Sudbury

Road construction season heats up in Sudbury with major projects

For many in Sudbury last year, the road construction season seemed neverending, and the director of engineering services says it certainly was unusually long. Mark Frayne says last year was the largest construction year is the city's history.

City expected to spend $90 million on construction projects in 2018

Cars drive along the reconstructed section of Lorne Street in Sudbury that cost $8.5 million. (Erik White/CBC)

For many in Sudbury last year, the road construction season seemed never ending, and the director of engineering services says it certainly was unusually busy.

Mark Frayne says last year was the largest construction year is the city's history.

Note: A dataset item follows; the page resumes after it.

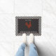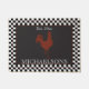 Mit dieser rustikalen, rostigen und weißen Monogramm-Türmatte mit schwarz-weißem Karo und einem dunkelroten Hahn in der Mitte zeigen Sie Ihren Familienstolz direkt an Ihrer Haustür. Personalisieren Sie mit Ihrem Familiennamen und Jahr festgelegt. Design by Holiday Hearts Designs (Rechte vorbehalten).

Frayne has a little good news for drivers this summer. He says this year's list of projects is about 3/4 of last year's workload, but long construction seasons and big budgets are becoming the norm.

Epic season last year

"We're looking at $90 million," he said. "Last year we spent a $115 million. The amount of infrastructure construction that we've been doing over the last 10 years has gradually been increasing and should continue to do that, as we continue to prioritize roads and our water and sewer."

As for major projects, the Maley Drive interchange should be completed and work starting on a section from Lasalle to Barrydowne, he said.

Also to be completed this year: Lorne Street rehabilitation, the Kelly Lake Road bridge, the Spruce Street wastewater structure, and the Capreol waterfront.

These projects will start this year: Barry Downe water main improvements, and widening and twinning MR 35 from Azilda to Chelmsford.

You can see a map of the city's construction projects for 2018 here.

Shave and pave

"If you look at the budget, the 2018 budget, you'll see pretty much what work we're doing this year, a relatively good plan on what we'll be doing next year and then there's three more years what we call outlook," he said.

"These roads have shown up as roads that do have priority and may need recondition. Those ones however do change as road conditions might change."

Frayne adds there are also some roads that may need work, but won't get total reconstruction.

"We call them resurfacing, shave and pave, where we'll come in and grind down and area and repave it. That's more to prolong the life before it needs complete reconstruction."